The Internet also provides hundreds of websites of inventors who are either offering their invention for licensing, or are producing it on a small scale, and may be receptive to a buyout or a marketing partnership. In the sixteen years that I’ve been mentoring inventors and startup entrepreneurs, I’ve never heard of even one inventor licensing his or her invention merely by setting up a website, and displaying it, without some cooperative means of driving potential licensees to it. Businesses that are receptive to new product proposals simply don’t search for them on the Internet.

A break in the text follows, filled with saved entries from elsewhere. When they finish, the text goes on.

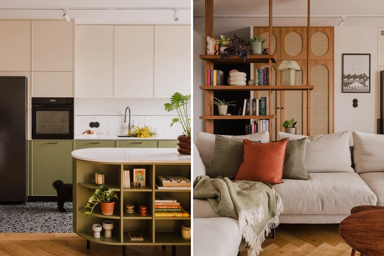 Pierwszym meblem, który przykuwa uwagę po wejściu do mieszkania, jest drewniany regał, który oddziela strefę wejściową od salonu. W przedpokoju znalazły się także komfortowe siedzisko i szafa z frontami z rattanu. Pas płytek terrazzo prowadzi w stronę beżowo-oliwkowej zabudowy kuchennej, obok której stanął zaoblony półwysep na stalowych nóżkach. W tym meblu od strony kuchni przechowywane są talerze, garnki i przyprawy. Od strony jadalni wyspa pełni funkcję regału na książki. Stół i cztery krzesła o dwóch różnych modelach tworzą razem eklektyczny miszmasz, który koresponduje z pozostałą częścią salonu – strefą odpoczynku i kącikiem do pracy.
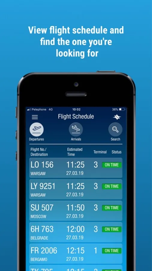 • Access an updated flight timetable for Ben Gurion Airport (both arrivals and departures) including search and tracking options for the information relevant to your flight.
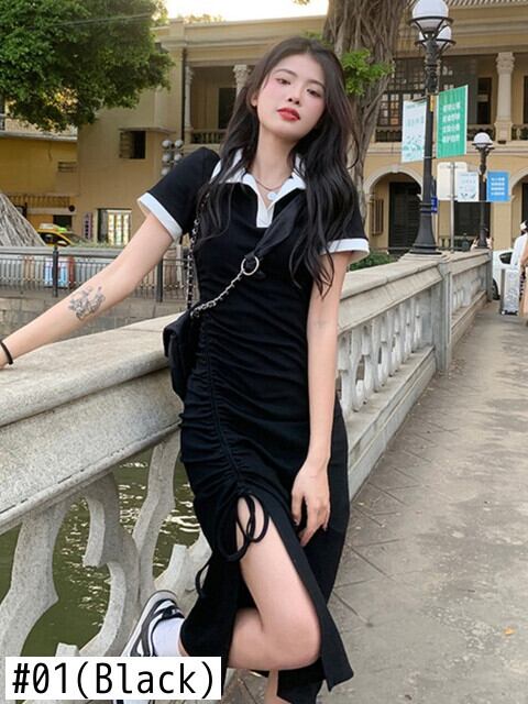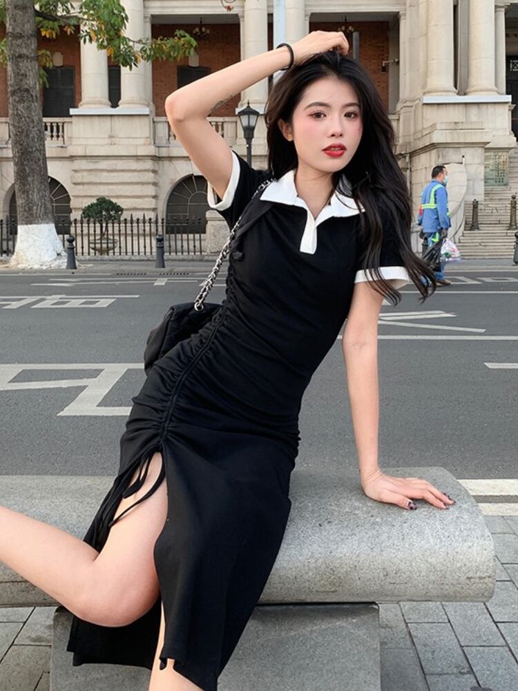 襟ドレス夏スリム巾着純粋な欲望風サイドスプリット半袖ドレス女性ローブ ショート ハーフスリーブ サマー 夏物 ピュア got56153372890

The odds of a company finding a product that matches its product lines is remote, and usually a waste of their time.
However, for the startup entrepreneur who has no preconceived definition of the product he or she will consider, there may be some value in such a search. Key in inventor websites.
In a sense, these places are catalogs for inventions. A few are well managed, and take an active role in finding potential licensees. Others are passive, and ineffective. One of the best active sites is Paul Niemann’s Market Launchers. Key in www.marketlaunchers.com/licensingdeals.html. Paul offers a display of products that he has helped inventor to launch. Contact him for products that are seeking licensees at 636-477-8000.
What about alibaba.com and other overseas sites? A few years ago I altered a manual can opener for a friend who had arthritis of her wrists. She hated electric openers, but couldn’t use the traditional manual openers. I added a longer crank type handle, and she was thrilled at being able to open cans on her own once again. My thoughts turned to producing my design, admittedly a niche item. But I thought it would sell well in catalogs that were specialized for persons having physical limitations. Then, it occurred to me to search alibaba.com, where I found an almost exact duplicate of my invention.
My point is that niche items that we don’t find in our stores, or even on line, may be available from overseas sources. There’s a minor culture in America that longs for simplicity—for living off the grid,
and using simpler, utilitarian, un-motorized devices. Some call it steampunk, (from the steam-power era), which is not an exact fit. But there may be hundreds of such devices that have been used in third-world countries for years—devices that we have shunned as too primitive for the mass market, but which would appeal to the steampunkers and the off-the-grid
culture.
Attending angel/entrepreneur fairs. These fairs are usually sponsored by angels, and attract entrepreneurs who are seeking finance for their ventures. They are found on the Internet by keying in angel entrepreneur fairs
on your search engine. At these fairs you'll meet entrepreneurs and inventors who have products and inventions that they are trying to launch. Since most don't connect with an angel, the opportunity to find an available product, or even a business partner, is quite possible.
Attending trade shows. Some trade shows—for example, the National Hardware Show, and the National Housewares Show—have a section for inventors who are trying to license or sell their inventions outright.